Once you find the line below that contains "A legendás, 25", write it out along with every later line exactly as given, stopping only when the records end. Omit the pictures.

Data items
• • • • • • •
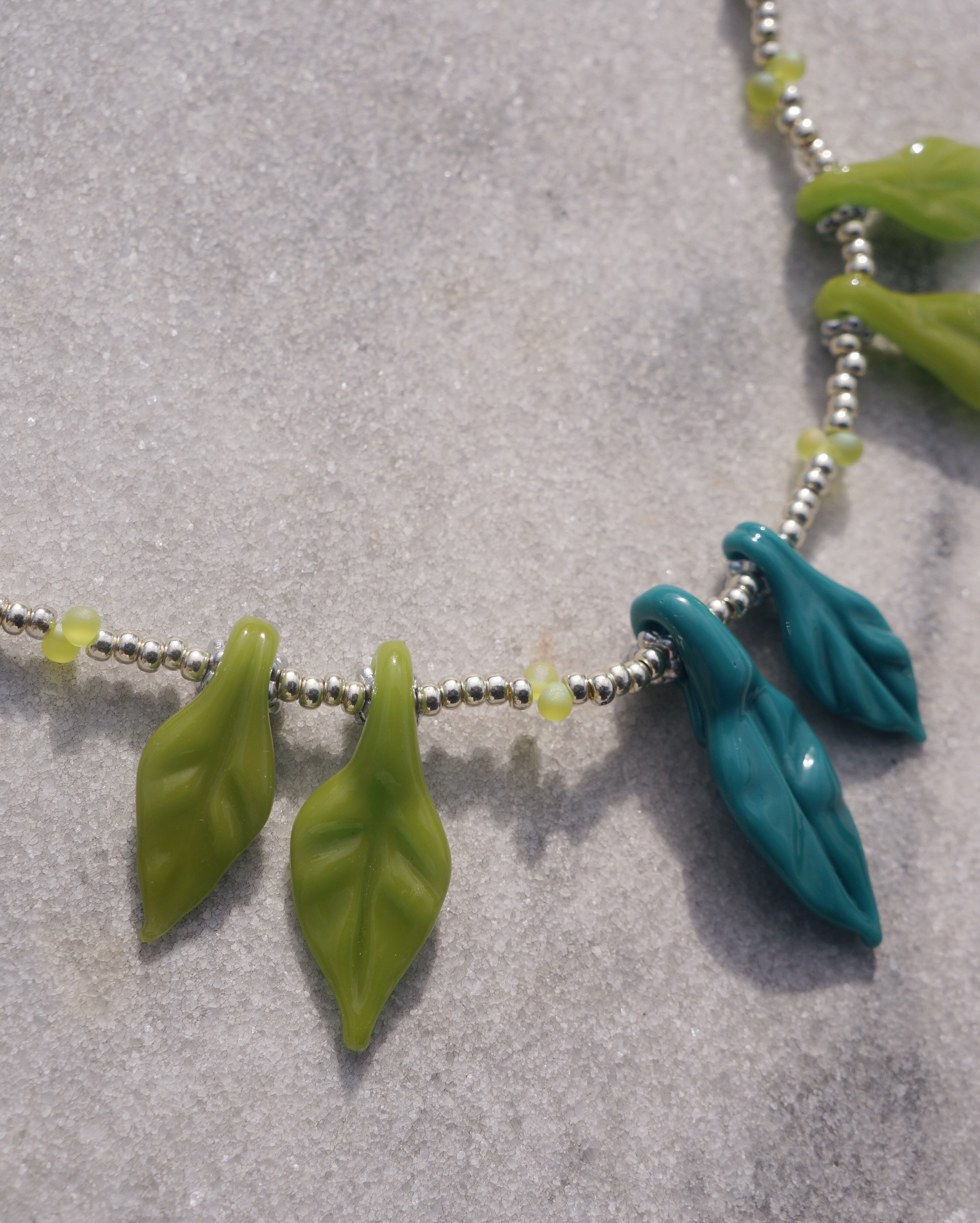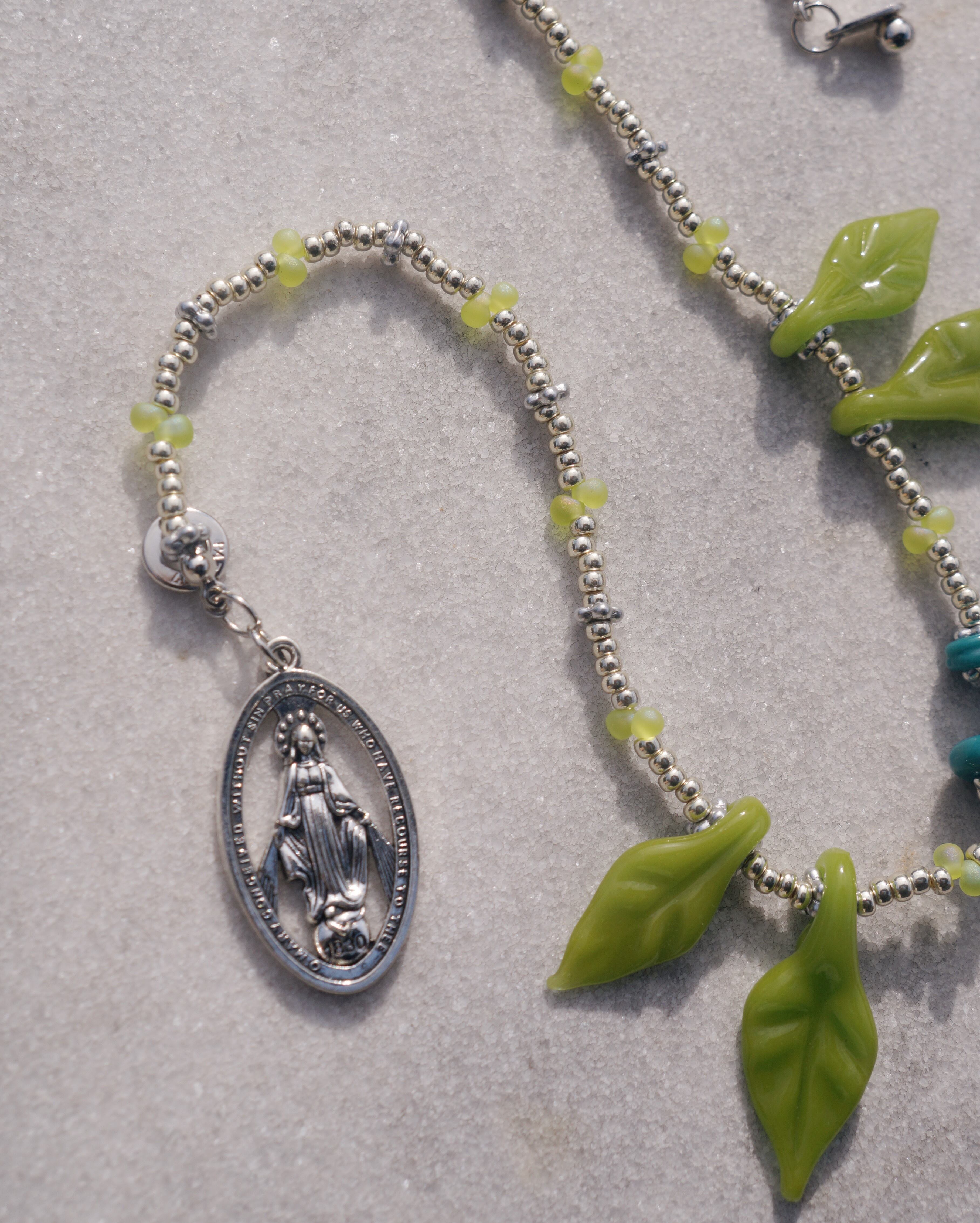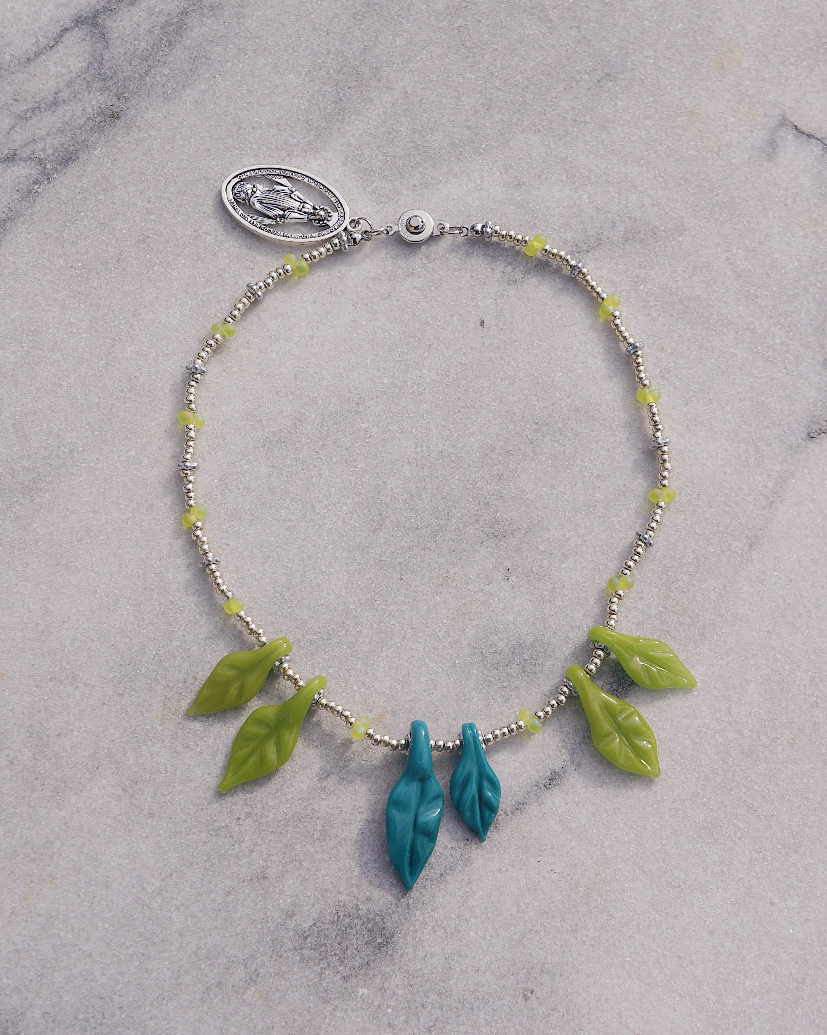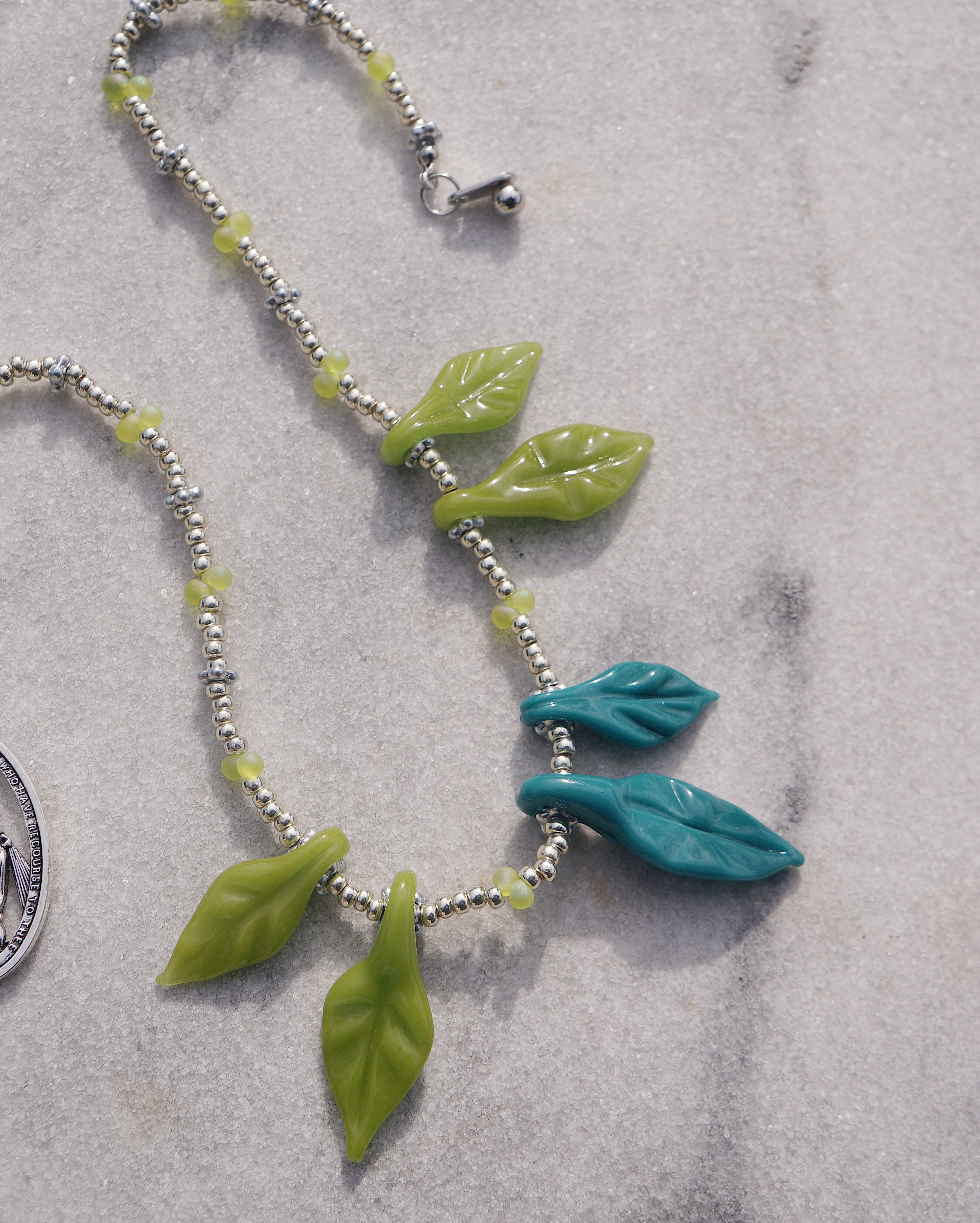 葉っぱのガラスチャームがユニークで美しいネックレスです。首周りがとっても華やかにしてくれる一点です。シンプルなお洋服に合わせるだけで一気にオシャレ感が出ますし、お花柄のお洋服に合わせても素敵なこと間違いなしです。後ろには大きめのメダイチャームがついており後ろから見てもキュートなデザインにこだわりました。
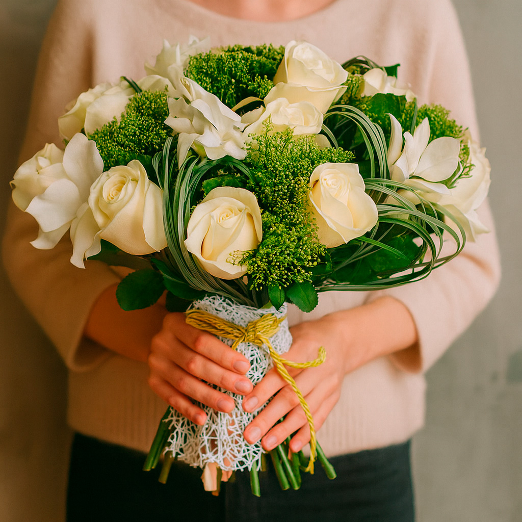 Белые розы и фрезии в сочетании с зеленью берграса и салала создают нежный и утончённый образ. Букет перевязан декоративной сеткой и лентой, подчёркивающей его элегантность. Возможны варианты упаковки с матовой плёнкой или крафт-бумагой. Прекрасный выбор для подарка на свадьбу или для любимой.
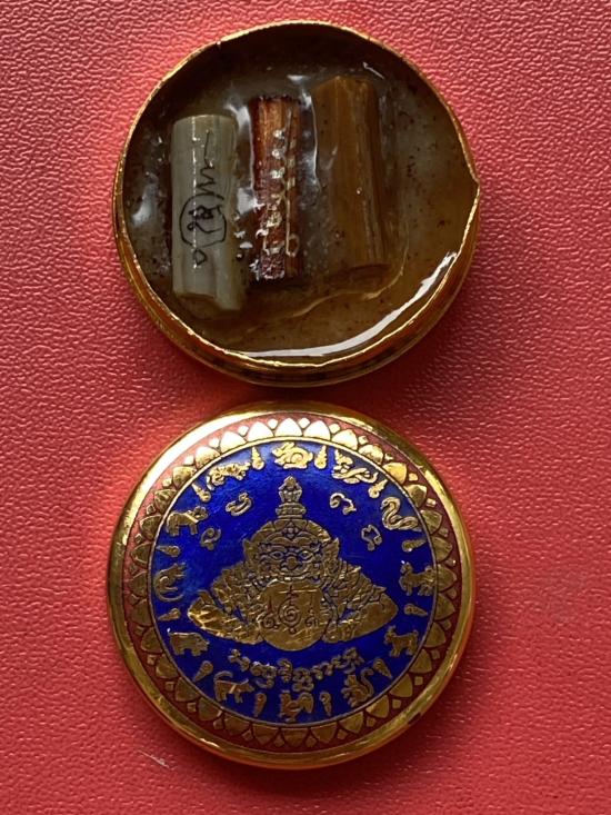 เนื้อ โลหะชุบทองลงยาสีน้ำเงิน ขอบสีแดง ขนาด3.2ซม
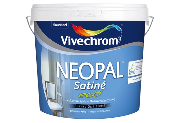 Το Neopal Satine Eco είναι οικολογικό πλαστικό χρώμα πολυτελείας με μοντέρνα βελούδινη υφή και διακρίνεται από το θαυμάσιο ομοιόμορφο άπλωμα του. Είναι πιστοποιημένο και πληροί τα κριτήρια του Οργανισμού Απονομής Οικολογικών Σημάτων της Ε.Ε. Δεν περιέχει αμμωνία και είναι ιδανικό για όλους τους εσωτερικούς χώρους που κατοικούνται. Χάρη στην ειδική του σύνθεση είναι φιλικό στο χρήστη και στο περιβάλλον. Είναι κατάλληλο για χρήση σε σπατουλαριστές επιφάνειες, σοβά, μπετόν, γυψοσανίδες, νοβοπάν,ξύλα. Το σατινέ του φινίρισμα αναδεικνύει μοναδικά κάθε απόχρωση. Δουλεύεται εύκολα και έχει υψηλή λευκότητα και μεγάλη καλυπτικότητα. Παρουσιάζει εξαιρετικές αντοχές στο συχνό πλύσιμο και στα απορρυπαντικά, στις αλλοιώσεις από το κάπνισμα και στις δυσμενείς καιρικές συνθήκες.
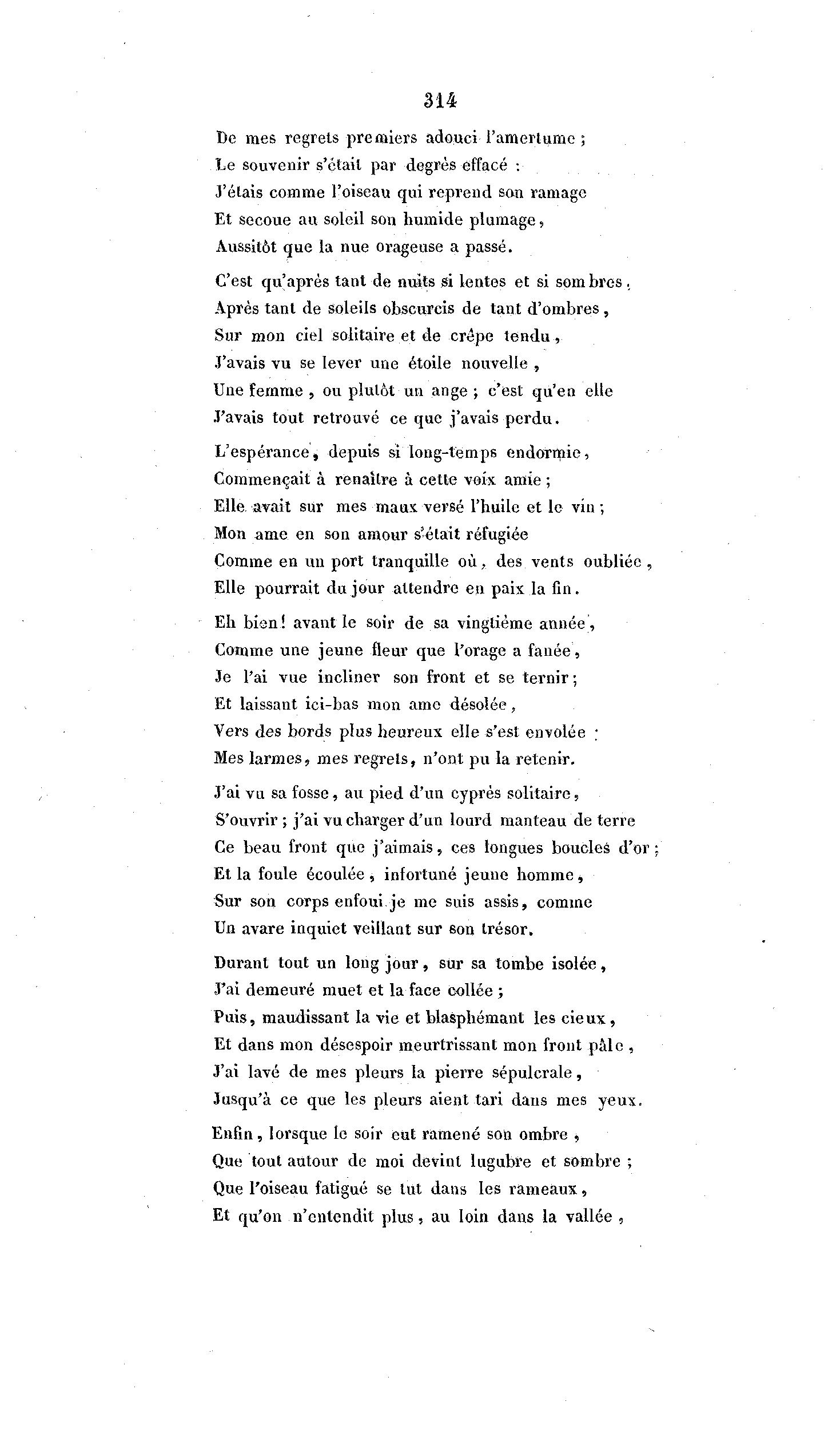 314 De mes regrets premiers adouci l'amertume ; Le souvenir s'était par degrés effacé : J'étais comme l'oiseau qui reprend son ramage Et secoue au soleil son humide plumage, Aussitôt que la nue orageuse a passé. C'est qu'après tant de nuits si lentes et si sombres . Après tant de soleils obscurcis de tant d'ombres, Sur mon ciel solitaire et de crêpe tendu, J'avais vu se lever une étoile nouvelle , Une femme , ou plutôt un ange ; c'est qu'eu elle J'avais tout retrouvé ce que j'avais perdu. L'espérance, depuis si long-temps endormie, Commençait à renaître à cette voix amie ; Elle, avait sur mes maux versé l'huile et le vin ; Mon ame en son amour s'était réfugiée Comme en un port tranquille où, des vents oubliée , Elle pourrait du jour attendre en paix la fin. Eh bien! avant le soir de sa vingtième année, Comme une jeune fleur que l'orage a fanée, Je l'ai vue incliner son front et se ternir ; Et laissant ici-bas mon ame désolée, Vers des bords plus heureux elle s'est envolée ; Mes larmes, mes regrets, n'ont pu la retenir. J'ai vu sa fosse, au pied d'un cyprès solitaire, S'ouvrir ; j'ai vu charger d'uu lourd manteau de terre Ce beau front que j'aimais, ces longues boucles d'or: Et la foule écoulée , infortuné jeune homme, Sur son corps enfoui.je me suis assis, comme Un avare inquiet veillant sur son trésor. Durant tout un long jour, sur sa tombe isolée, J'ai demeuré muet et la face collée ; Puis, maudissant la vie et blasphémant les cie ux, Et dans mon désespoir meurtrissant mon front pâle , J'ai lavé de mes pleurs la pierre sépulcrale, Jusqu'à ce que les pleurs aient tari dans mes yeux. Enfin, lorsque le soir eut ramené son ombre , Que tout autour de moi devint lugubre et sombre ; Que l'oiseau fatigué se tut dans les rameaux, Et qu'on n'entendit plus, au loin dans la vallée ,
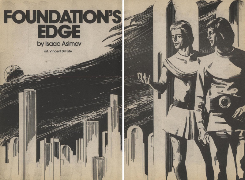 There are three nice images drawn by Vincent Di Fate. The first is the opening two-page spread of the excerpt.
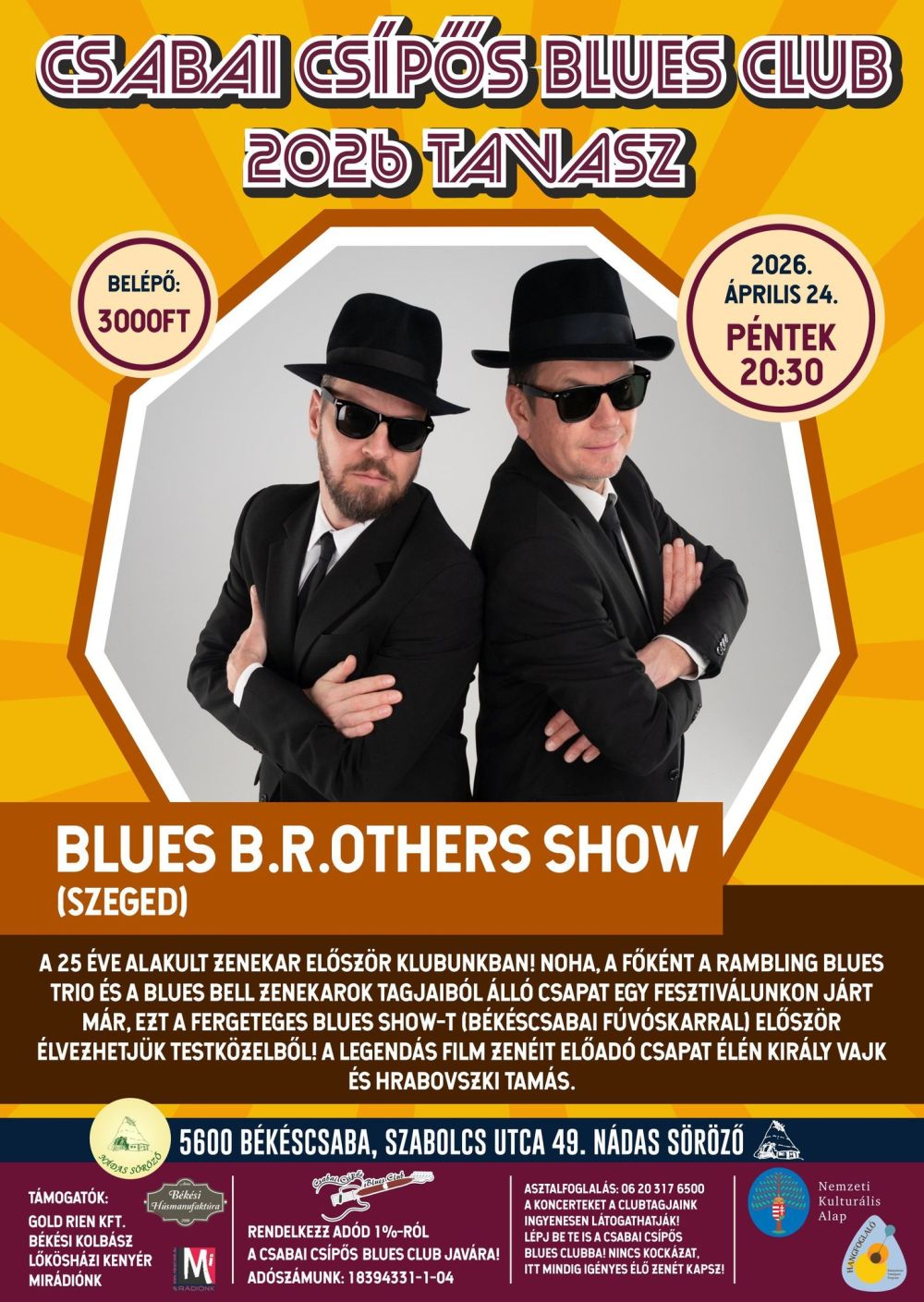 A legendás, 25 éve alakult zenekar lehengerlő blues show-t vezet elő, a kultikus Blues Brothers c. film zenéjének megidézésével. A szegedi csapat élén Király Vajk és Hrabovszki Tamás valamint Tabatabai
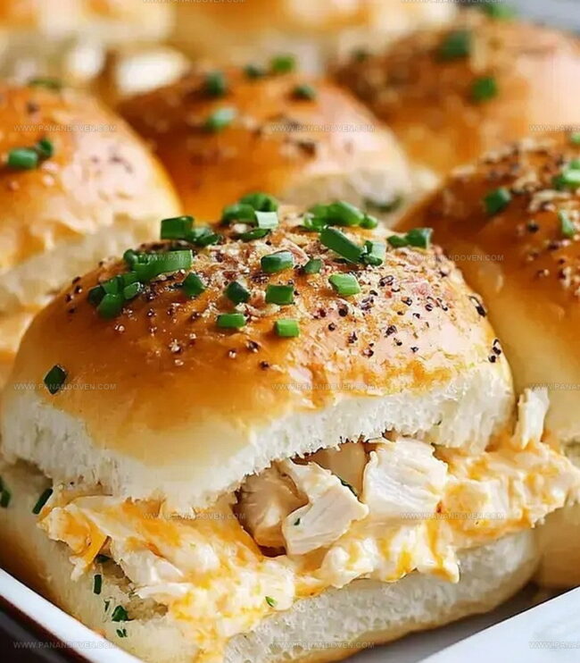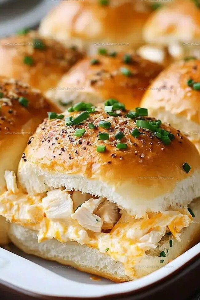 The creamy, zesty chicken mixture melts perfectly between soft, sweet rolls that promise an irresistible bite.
• • • • • • •
WORKED SOLUTION —
 A legendás, 25 éve alakult zenekar lehengerlő blues show-t vezet elő, a kultikus Blues Brothers c. film zenéjének megidézésével. A szegedi csapat élén Király Vajk és Hrabovszki Tamás valamint Tabatabai
 The creamy, zesty chicken mixture melts perfectly between soft, sweet rolls that promise an irresistible bite.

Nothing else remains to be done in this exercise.